Figure 1. Location of accident site (Source: Railway Association of Canada, Canadian Railway Atlas)
At Juniper, Mile 122.6, the train crew stopped and left 78 cars on the main track while picking up 23 additional cars (approximately 1675 tons and about 1375 feet). After re-coupling the entire consist, noting the proper increase in brake pipe pressure on the Sense and Brake Unit (SBU), and satisfying the other requirements of a number two brake test (as per the Transport Canada approved Railway Freight and Passenger Train Air Brake Rules, Appendix A), the train crew resumed its westward journey. The trip was without incident until 1320:44 Atlantic standard time (AST) 1. While descending an approximate one per cent grade at Summit, a wayside inspection system at Mile 136.1 alerted them (through a radio broadcast) of the presence of multiple alarms beginning at the 363rd axle on the train. As the locomotive engineer began to slow the train, a train-initiated emergency brake application occurred.
The analysis of the locomotive event recorder showed that, at that time, the train was travelling at 41 miles per hour (mph) with the throttle in idle position, the brake pipe fully charged (90 pounds per square inch (psi)), and the dynamic brakes set up. The analysis also showed that:
- between Moncton and Juniper, the locomotive engineer did not use the air brake system to slow the train;
- the train stop at Juniper was made using a brake pipe reduction of 17 psi; and
- the cars left on the main track at Juniper during the pick-up of additional cars had the brakes applied for 36 minutes before the train departed at 1237 AST.
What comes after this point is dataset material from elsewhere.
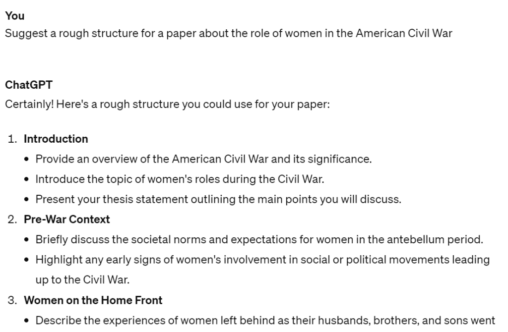We asked for a basic outline to continue a topic. Chat provided all the details needed to help with structuring the paper.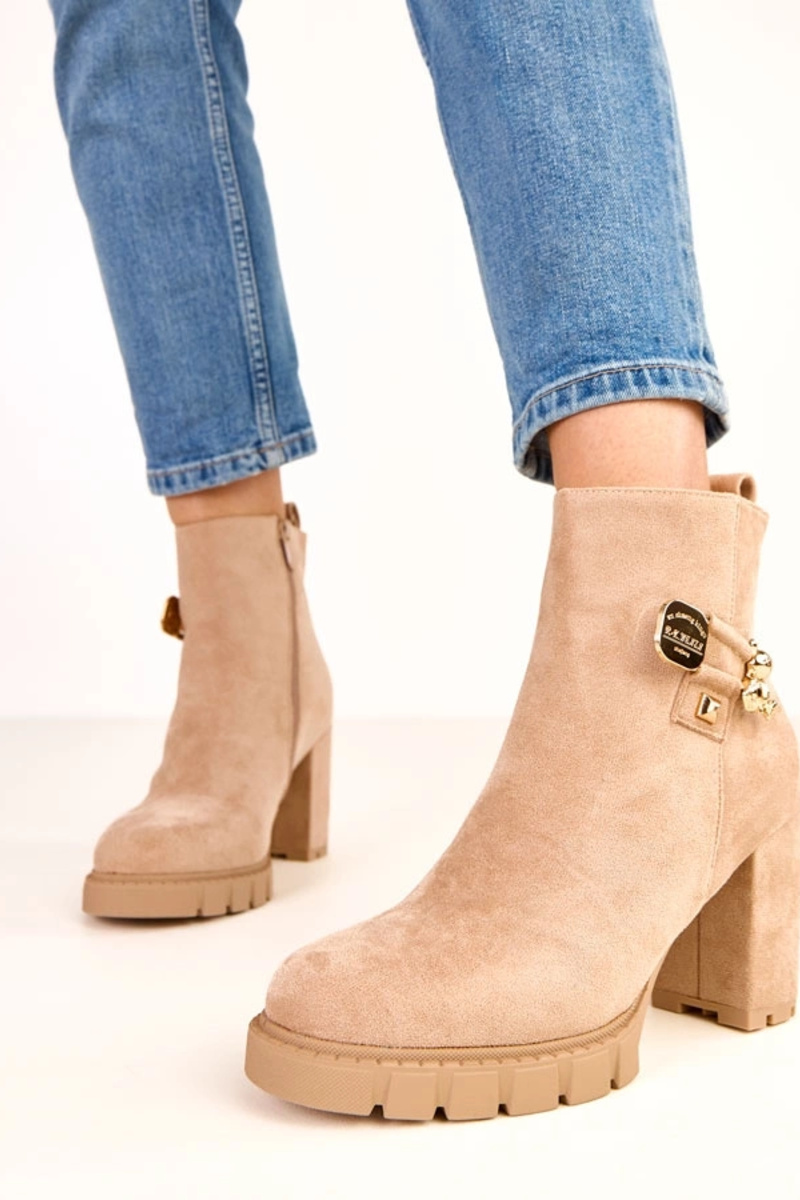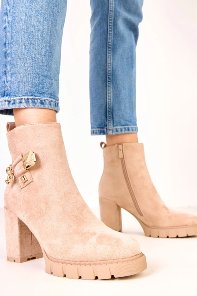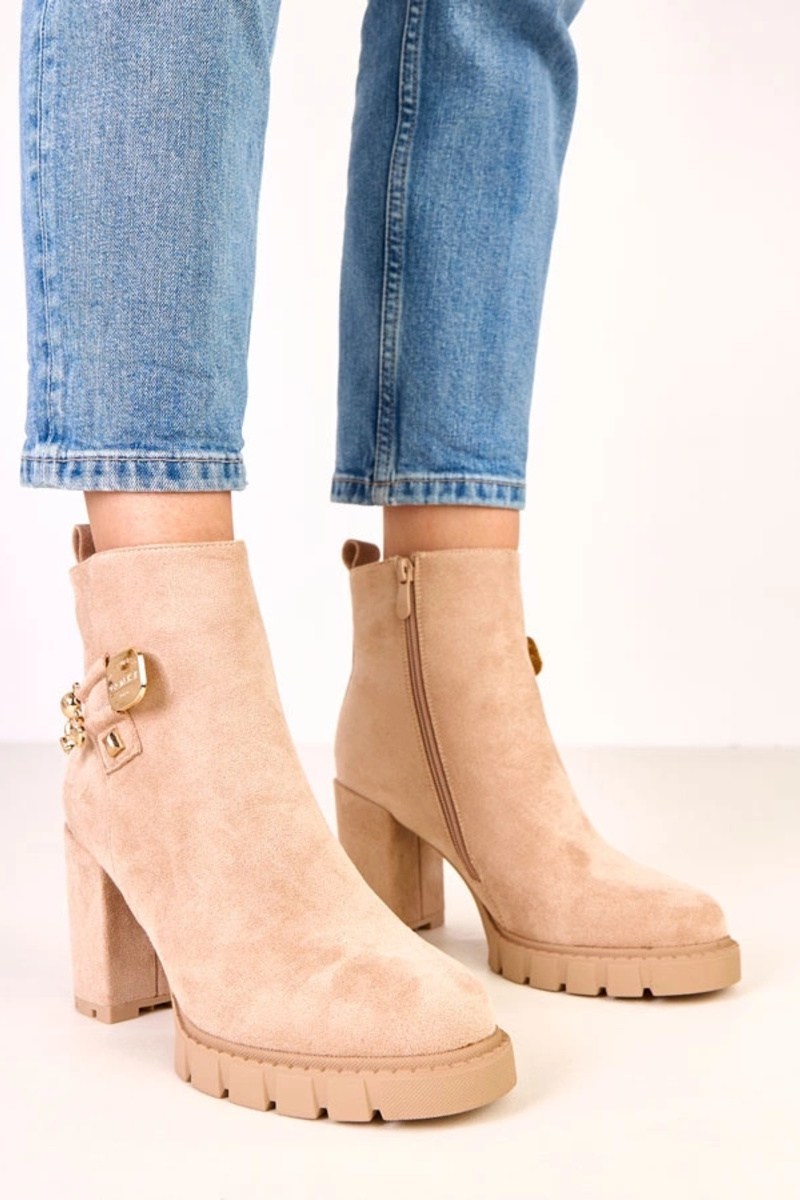 Smilšu krāsas zābaciņas uz papēža ar zelta krāsas lāča rotājumu Naste

At the time of the accident, snow covered the ground, there was a light cloud cover, and the temperature was approximately −2ºC.
The train crew followed emergency procedures, inspected the train and determined that 17 cars had derailed and one car was off-centre. The cars were positioned from 86 to 103 from the head end. The derailed equipment consisted of 12 empty covered hopper cars, 2 empty non‑dangerous goods tank cars, and 3 tank cars which were residue‑liquefied petroleum gas (LPG, Class 2.1, UN 1075). They had detached from the train and piled up on either side of the main track. Ten of the cars were destroyed. The three tank cars of LPG experienced some jacket damage but the shells remained intact and did not release any product.
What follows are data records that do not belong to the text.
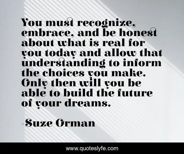 This page presents the quote "You must recognize, embrace, and be honest about what is real for you today and allow that understanding to inform the choices you make. Only then will you be able to build the future of your dreams.". Author of this quote is Suze Orman. This quote is about your dreams, future, today,.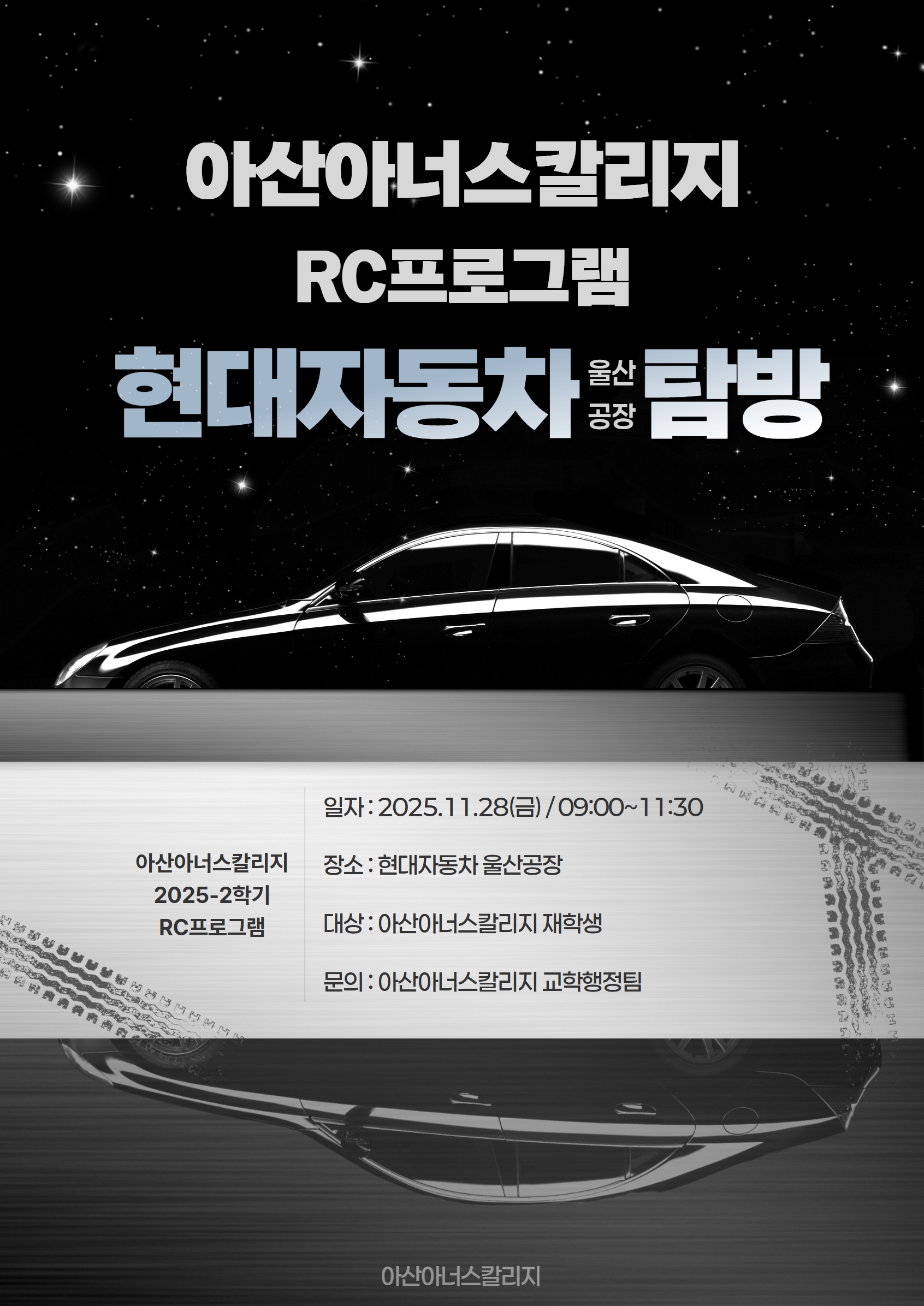아산아너스칼리지 2025-2학기 RC프로그램 '현대자동차 울산공장 탐방' 1. 내용 : 현대자동차 울산공장 역사 설명 및 올드카 전시 관람 공장 라인 관람 및 자동차 생산 공정 설명 공장 내 자동차 전용부두 설명 2. 일시 : 2025.11.28(금) 12:00~15:20 09:00~11:30 3. 장소 : 현대자동차 울산공장 4. 참여 대상 : 아산아너스칼리지 재학생 신청 링크 : https://ustar.ulsan.ac.kr/ko/program/ALL/view/2947 사전 수요 조사에서 참석을 희망한 학생들은 위의 링크를 통해 신청해주시기 바랍니다.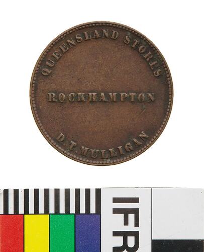 Copper Halfpenny Token, minted by W.J. Taylor, London. Issued by D.T. Mulligan, Queensland Stores, Rockhampton, 1863. It is likely that Mulligan opened his 'Queensland Stores' in either 1862 or 1863, after the discovery of Copper and Gold at nearby Peak Downs. The Early History of Rockhampton includes the following comment about Mulligan and his tokens: 'Copper (coins) were even harder to get than Silver and several of the leading business people had copper tokens struck, which were accepted as pennies, while at the same time they served as advertisements. The late Mr D.J [sic] Mulligan circulated a large number of these tokens, which remained in use for ten or fifteen years.' Mulligan is said to have 'sold out to H.F. Walton, and retired to Ireland, where he died.' (Rockhampton City Council, personal correspondence).

Wheel sets were strewn about the derailment site. Four of them were determined to be from car CRDX 7735, the 87th car. Pieces of wheels were located on the field side of the south rail in the vicinity of the siding at Summit, Mile 135.2. Other wheel pieces were found under the snow in the ditches on the north side at Mile 137.
Approximately 200 feet west of the west switch at Juniper, the first impact marks were visible on the head of the south rail. Beyond that point, there were marks on both rails. About 600 feet west of the west switch, a coil spring from the spring nest of a rail car was noted on the south side of the track. Subsequent inspection revealed that there were more than 50 broken rails in the 14 miles between Juniper and the accident site. All of them were within the same track circuit block. Damaged infrastructure included the east and west switches at Summit, the hot box detector and its associated bungalow at Mile 136.1, a private crossing for a logging road, as well as 14 miles of track.
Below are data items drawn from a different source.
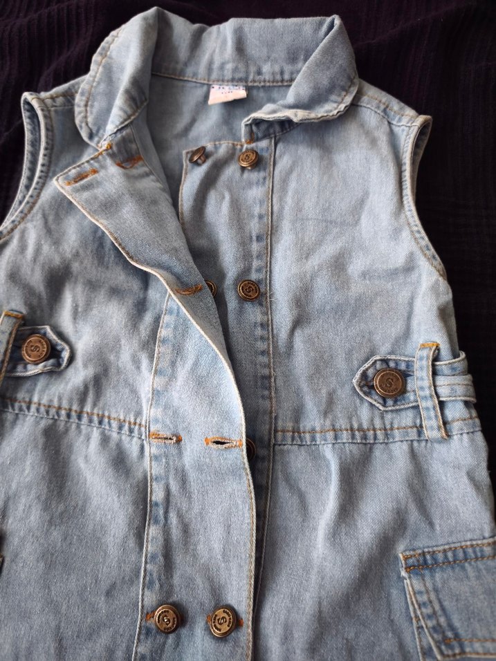 Kot kumaştan yapılmış, düğmeli, yakalı ve kolsuz elbise.etiketli ..4 yaş diyor ama 3 yaş içinde uygun
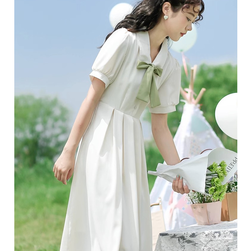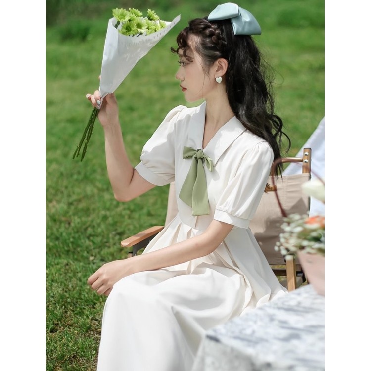 法式文艺蝴蝶结系带短袖连衣裙雪纺裙子女夏季新品学生高腰a字裙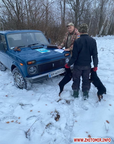 Як повідомляв Житомир.info, вночі 29 жовтня 2023 року у лісі біля села Кам’янка затримали двох мисливців, які не мали документів на зброю. Вилучили рушницю, набої та собак.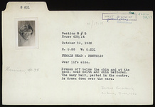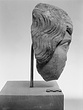 | Description: | Over life-size. Broken off below the chin and the back; nose, mouth and chin battered. The wavy hair, parted in the center, is drawn down over the ears. Pentelic marble. Drilled for setting on base June 1950. | |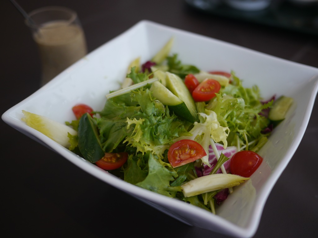 ラーメンサラダ 650円 色とりどりの野菜がたっぷり、香りごまのつけだれをかけていただきます。

The Napadogan Subdivision is a Class 4 track according to the Transport Canada (TC) approved Railway Track Safety Rules (TSR) and consists of a single main track that extends from Pacific Junction, Mile 0.0, immediately west of Moncton, to Edmundston, Mile 219.4. Train movements are governed by the Centralized Traffic Control System in accordance with the Canadian Rail Operating Rules (CROR) and supervised by a rail traffic controller located in Montréal. In the derailment area, the maximum authorized speed for freight trains was 50 mph.
From the west switch at Juniper, Mile 123.4, to the east switch at Summit, Mile 134.52, the track had an ascending grade of approximately 0.6 per cent. The track was mostly curved, with 17 curves in total, ranging from one to five degrees. From Mile 135.41 to the accident site, the track had a descending grade of approximately one per cent. The track was in good condition and consisted of a mixture of 115, 132, and 136-pound continuous welded rail on 14-inch, double‑shouldered tie plates laid on hardwood ties.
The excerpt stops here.